• **Exercise prompt**
Images excepted, the data below must be repeated exactly.

(Material provided)

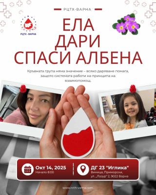 Във Варна ще се проведе акция за кръводаряване в подкрепа на Албена Станчева, която пострада тежко при инцидент по време на ралито край Аладжа манастир. Акцията ще се проведе на 14 октомври (вторник) в Детска градина „Иглика“, където ще бъде разположен мобилният център за кръводаряване.
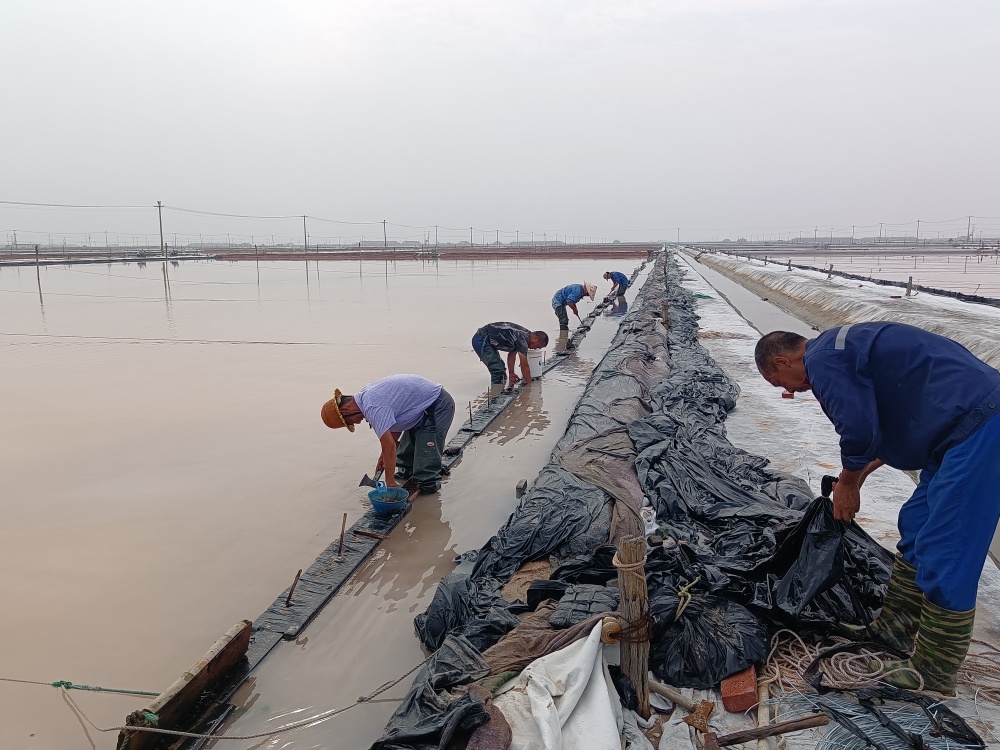 新河制鹽分公司統(tǒng)一安排和調(diào)配,利用夏季短晴天期間、打時(shí)間差的方式,對(duì)各班組塑布進(jìn)行更換更新。班組人員有的加固浮板,有的釘釘子,有的拆裝鐵釘,有的制作擋浪布小站樁。乒乒乓乓的敲打聲不絕于耳,一派忙碌景象,為確保原鹽生產(chǎn)能安全度過雨季打下堅(jiān)實(shí)基礎(chǔ)。(新河黨支部)
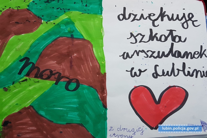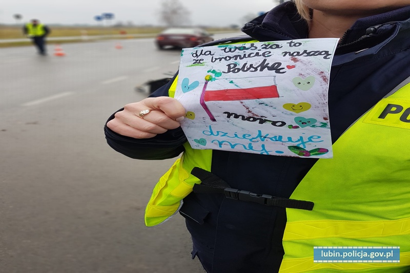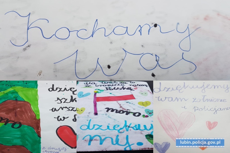„Dla Was, za to, że bronicie naszej Polski”, „Kochamy Was”, czy „Dziękujemy Wam żołnierze i policjanci” – to tylko niektóre wpisy, które znalazły się na laurkach. Ta nietypowa forma podziękowań trafiła do policjantów wydziału ruchu drogowego Komendy Powiatowej Policji w Lubinie, którzy pełnią służbę w rejonie przejścia pogranicza polsko-białorusko-ukraińskiego – informuje asp. sztab. Sylwia Serafin, oficer prasowy KPP Lubin.
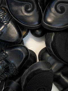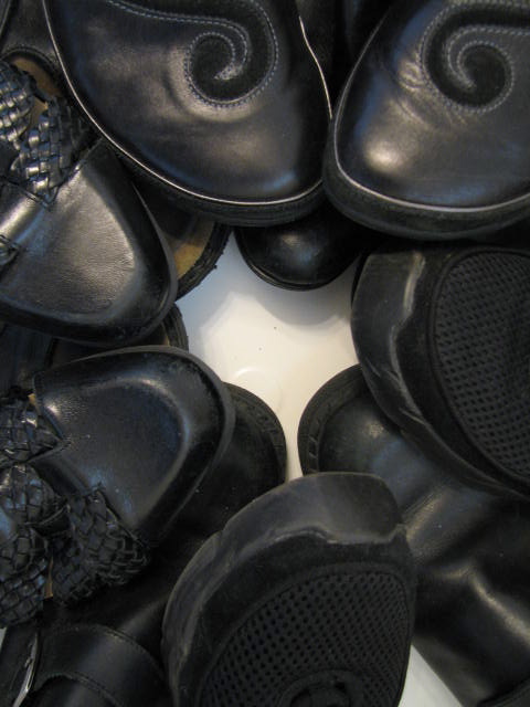 In a fit of pain years ago I made a pledge to myself not to wear shoes that hurt. Now I hunt and hunt and hunt and when I find a pair that fits my little heart goes pitter pat. I buy them and wear them and wear them and wear them and wear them. Because it is so hard to find shoes that fit I have included shoes as part of my “underwear.” In other words, they are the boring blank canvas over which the cute stuff goes. Winter is black shoes, pants, shirt – and a really cool jacket. I have a black pair of clogs for winter, black boots for church, and black sandals for summer. I have cute black flats for when I know the summer AC will chill my tootsies. I did keep one pair of pointier dressy sandals for emergency situations. Sigh.
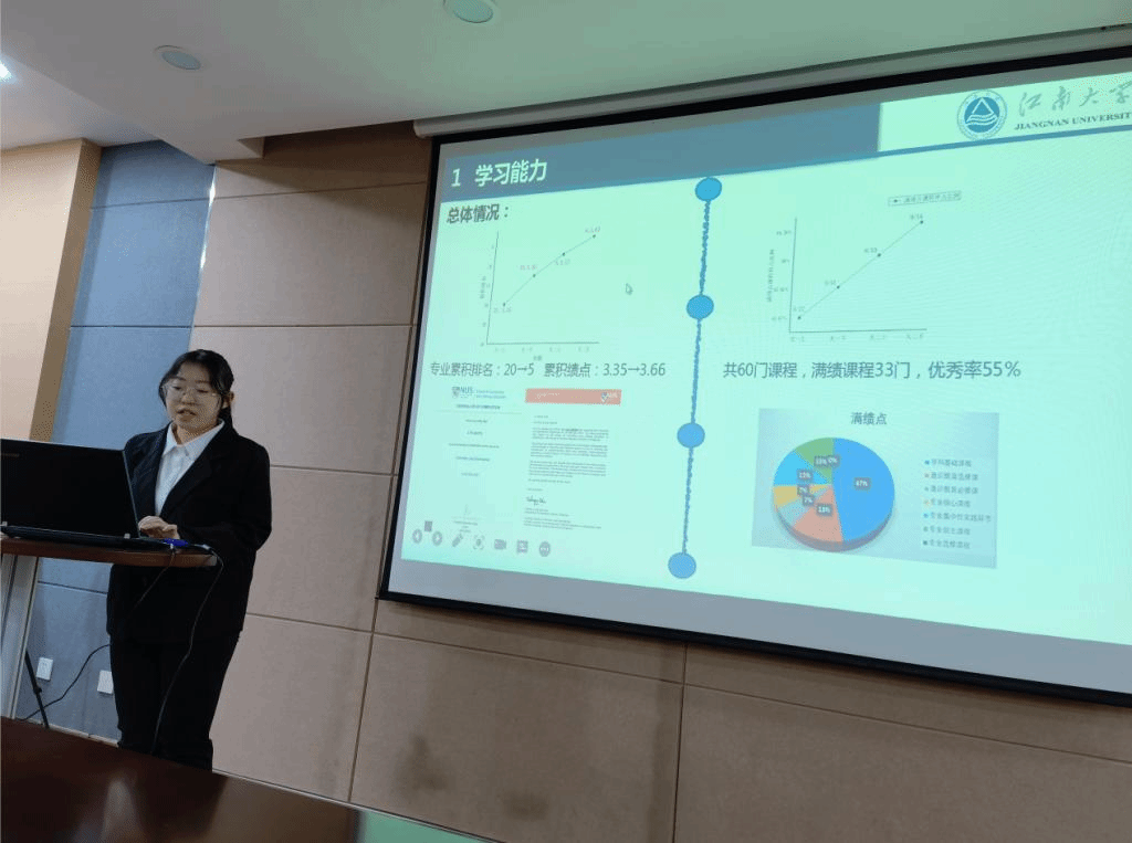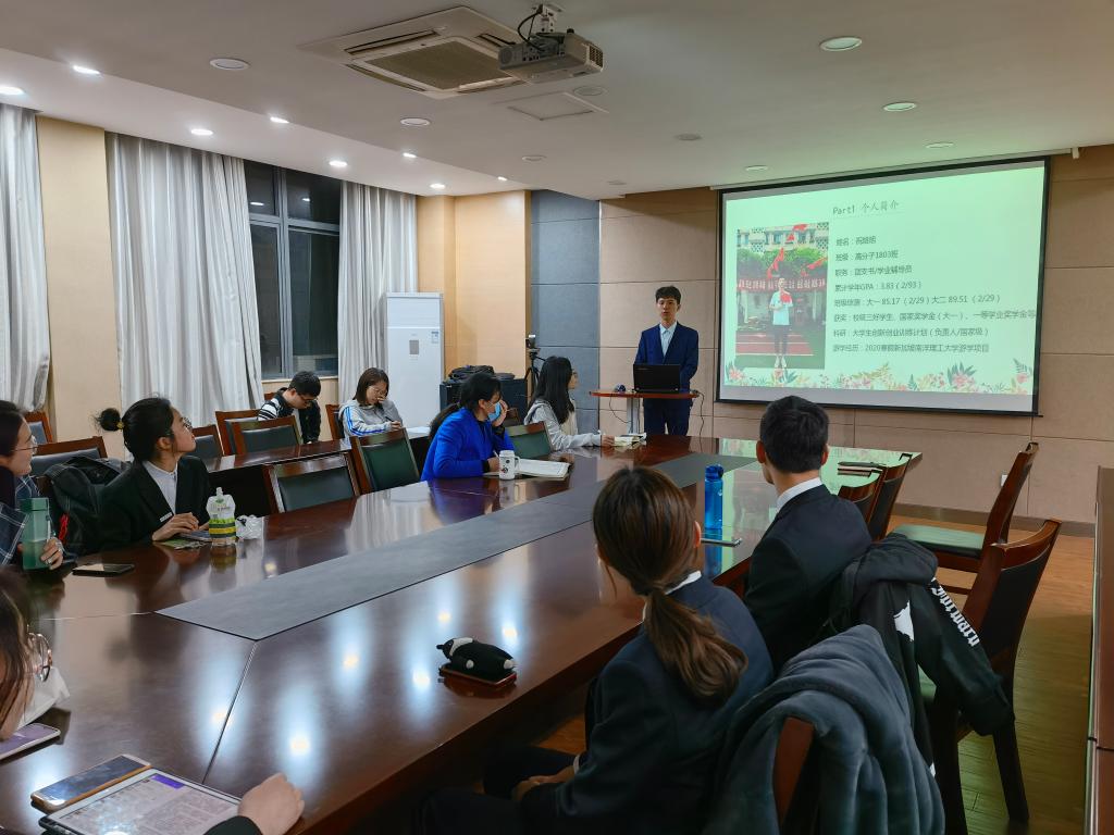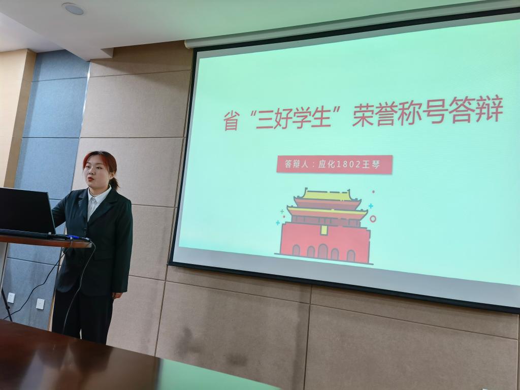 答辩过程中,十名候选人依次上台,通过3分钟的PPT充分展示了自己入学以来在思想政治、学习成绩、学科竞赛、学生工作、社会实践、志愿服务等德智体美劳方面的优异成绩成果,充分展示了个人风采,彰显了化工学院学子良好的精神风貌。

(End Material provided)

• **Answer to this problem**
 Във Варна ще се проведе акция за кръводаряване в подкрепа на Албена Станчева, която пострада тежко при инцидент по време на ралито край Аладжа манастир. Акцията ще се проведе на 14 октомври (вторник) в Детска градина „Иглика“, където ще бъде разположен мобилният център за кръводаряване.
 新河制鹽分公司統(tǒng)一安排和調(diào)配,利用夏季短晴天期間、打時(shí)間差的方式,對(duì)各班組塑布進(jìn)行更換更新。班組人員有的加固浮板,有的釘釘子,有的拆裝鐵釘,有的制作擋浪布小站樁。乒乒乓乓的敲打聲不絕于耳,一派忙碌景象,為確保原鹽生產(chǎn)能安全度過雨季打下堅(jiān)實(shí)基礎(chǔ)。(新河黨支部)
„Dla Was, za to, że bronicie naszej Polski”, „Kochamy Was”, czy „Dziękujemy Wam żołnierze i policjanci” – to tylko niektóre wpisy, które znalazły się na laurkach. Ta nietypowa forma podziękowań trafiła do policjantów wydziału ruchu drogowego Komendy Powiatowej Policji w Lubinie, którzy pełnią służbę w rejonie przejścia pogranicza polsko-białorusko-ukraińskiego – informuje asp. sztab. Sylwia Serafin, oficer prasowy KPP Lubin.
 In a fit of pain years ago I made a pledge to myself not to wear shoes that hurt. Now I hunt and hunt and hunt and when I find a pair that fits my little heart goes pitter pat. I buy them and wear them and wear them and wear them and wear them. Because it is so hard to find shoes that fit I have included shoes as part of my “underwear.” In other words, they are the boring blank canvas over which the cute stuff goes. Winter is black shoes, pants, shirt – and a really cool jacket. I have a black pair of clogs for winter, black boots for church, and black sandals for summer. I have cute black flats for when I know the summer AC will chill my tootsies. I did keep one pair of pointier dressy sandals for emergency situations. Sigh.
 答辩过程中,十名候选人依次上台,通过3分钟的PPT充分展示了自己入学以来在思想政治、学习成绩、学科竞赛、学生工作、社会实践、志愿服务等德智体美劳方面的优异成绩成果,充分展示了个人风采,彰显了化工学院学子良好的精神风貌。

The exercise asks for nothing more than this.